Affordable smartphones could become significantly more expensive or disappear from parts of the market in 2027 as AI data centers consume a growing share of global memory production.
Industry estimates cited by MyDrivers suggest AI computing hardware already uses more than half of available DRAM wafer capacity. That share could exceed 60% next year, leaving phone manufacturers competing for a shrinking supply of mobile memory and forcing them to raise prices or reduce specifications.
Budget Phones Under Threat
The report predicts that smartphones priced below 1,500 yuan, or approximately $220, could become difficult to find in 2027.
Memory and storage components could reportedly account for as much as 60% of the manufacturing cost of some affordable phones. That would leave manufacturers with little room to cover processors, displays, cameras, batteries, assembly and distribution while still generating a profit.
Phone makers could respond by raising prices, reducing RAM and storage capacities, removing features or discontinuing their least profitable models. Entry-level devices would face the greatest pressure because their already thin margins provide little protection against rising component costs.
DRAM Prices Surge
DRAM prices have reportedly risen by as much as 700% since 2022 as manufacturers direct more production toward higher-margin memory for AI servers.
Samsung, SK hynix and Micron collectively control more than 90% of the global DRAM market by revenue. Their increasing focus on AI infrastructure, particularly high-bandwidth memory, has reduced the capacity available for conventional mobile and computer memory.
Older memory standards are also being affected. Production of mature products such as DDR4 is shrinking, even though many affordable devices still depend on these components. MyDrivers reports that the imbalance has become severe enough to increase prices for much older DDR2 memory as well.
Smartphone Shipments Falling
The memory crisis is already reshaping the wider smartphone market.
IDC expects global smartphone shipments to fall 12.9% in 2026 to approximately 1.12 billion units, their lowest level in more than a decade. The research firm also expects the average smartphone selling price to rise 14% to a record $523 as manufacturers move away from less profitable entry-level devices.
IDC forecasts only modest smartphone market growth of around 1.9% in 2027, followed by a stronger recovery in 2028. PC shipments are also expected to decline sharply as the same memory shortage increases hardware costs.

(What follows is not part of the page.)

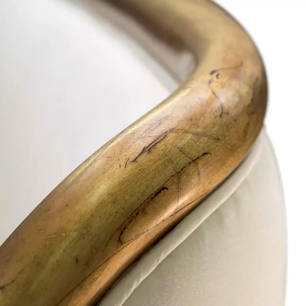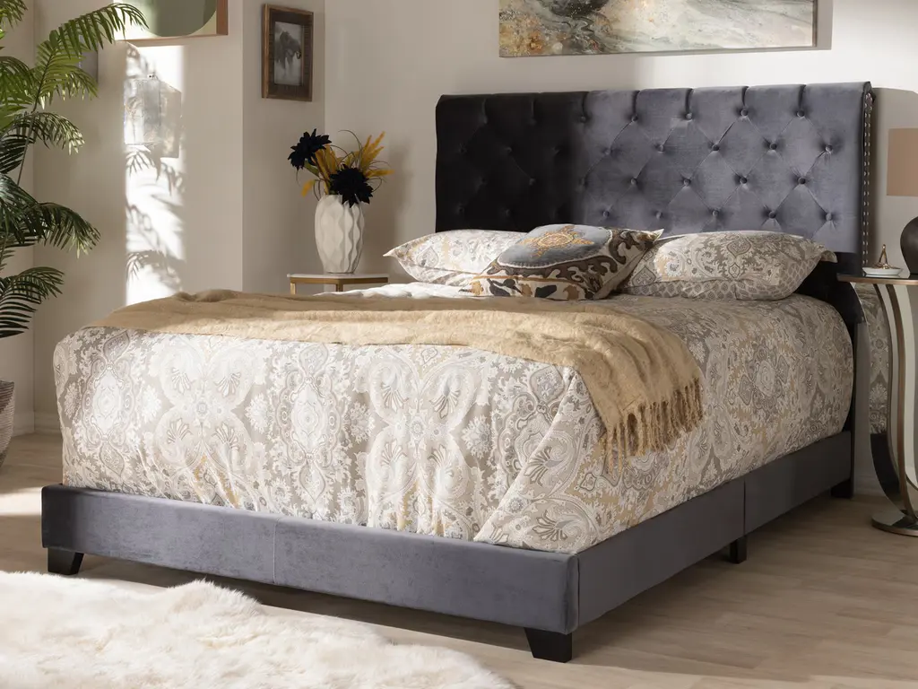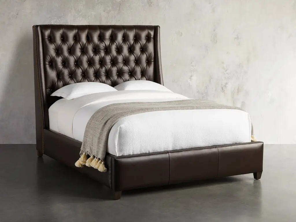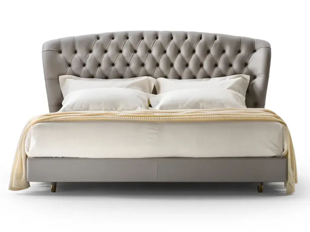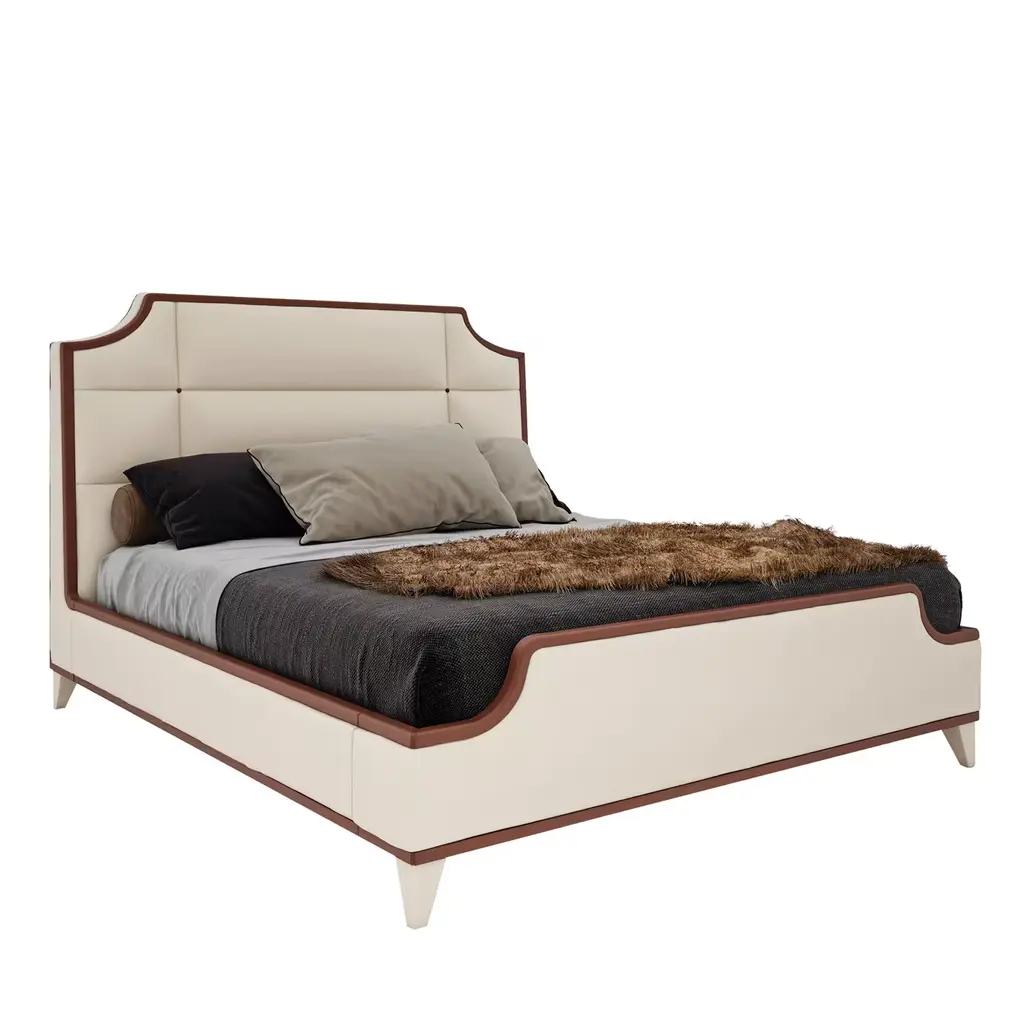 As KOKET's original boudoir temptress, the Forbidden Bed embodies all that is sultry seductive. The sensuous union of the lips and body bring out emotions which lead to enticement and temptation just like a magnificent moment that never ends. Hand carved fully upholstered headboard delicately accented with metalic leaf.Materials & Finishes:Headboard: Lux Velvet Beige 0071 from the KOKET Textiles collectionBase: Lux Velvet Beige 0071 from the KOKET Textiles collectionFeet: Broken Red Gold LeafDetails: Broken Red Gold LeafClean & Care: Care for textiles by vacuuming or lightly brushing. Maintain textiles by keeping them away from direct sunlight. Rotate and flip cushions when vacuuming for even wear. The nap of high pile textiles such as velvets may become crushed or lose its original pile height. We recommend light steaming to lift the pile to its original height. The textile should also be brushed with a de-linting brush to maintain its pile. Water based or solvent cleaner may cause discoloration or staining. We recommend that stained or soiled textiles be professionally cleaned. Never use cleaners with alcohols or solvents on metals. Only use cotton or extra soft cloths. We recommend that tarnished metals be professionally cleaned.

Chinese Suppliers Offer Limited Relief
Chinese memory manufacturers CXMT and YMTC could provide some additional supply, particularly for domestic brands including Huawei, Xiaomi and Oppo.
However, geopolitical restrictions make it considerably harder for companies outside China to rely on these suppliers. Apple has reportedly sought approval from the US government to purchase memory from CXMT as it attempts to reduce its exposure to the worsening shortage.
Analyst Ming-Chi Kuo said using Chinese suppliers would primarily help Apple secure enough memory rather than obtain substantially lower prices. He estimates that 15% to 20% of memory capacity allocated to consumer electronics in 2026 could move to data centers during 2027, further widening the supply gap.
Manufacturers are therefore prioritizing supply security over price negotiations. Even access to additional Chinese production may reduce the risk of shortages without reversing the broader increase in memory costs.
Prices May Stay High
The shortage is unlikely to be resolved quickly because increasing semiconductor production requires new factories, equipment and lengthy qualification processes.
Lenovo has warned that elevated DRAM and NAND prices may represent a “new normal” rather than a temporary market cycle. The company does not expect prices to return to the unusually low levels recorded in early 2025, even as additional capacity begins arriving later in the decade.
Unless supply expands faster than demand from AI infrastructure, budget smartphones could either become substantially more expensive or offer fewer features. For consumers, the result may be a market where devices once sold for around $200 move into higher price categories while genuinely low-cost options become increasingly rare.